In the excellent companies hard work is expected. People in these companies enjoy working hard for a firm that treats them as adults and as people whose contributions really matter. Each player is an integral and necessary part of the team and is made to feel that way. Billy Martin was also a task-master while he coached various teams. Allen: "Martin pushed his team hard in spring training. He was everywhere on the field checking them." Martin pushed them and checked them because he knew that he was responsible for the success of the team. Most good supervisors and managers gladly accept the responsibility for their work units because it allows them a degree of control and because they will get a proper amount of credit for all successes that ensue.
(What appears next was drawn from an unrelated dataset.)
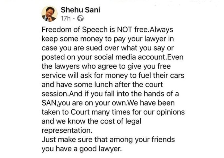 Senator Shehu Sani has reminded Nigerians that freedom of speech often comes at a financial cost.

Thus, hard work on the part of those that they supervise contributes to the betterment of the whole and everyone on the team realizes it. In this way the better supervisors and managers foster a greater team effort.

The New World Dictionary defines teamwork as "joint action by a group of people, in which individual interests are subordinated to group unity and efficiency." This would be an excellent sign to hang in a locker room or over a coffee machine. Whether in business or in sports, the only success that matters in the long run is the success of the organization. The great coaches have always been able to get the most out of a group effort. "To encourage teamwork," Wooden says, "he doesn't want his players to criticize each other. And he insists that the player who scores acknowledge the man who set him up with a perfect pass by nodding, waving, or saying |good pass' to him," Chapin and Prugh said.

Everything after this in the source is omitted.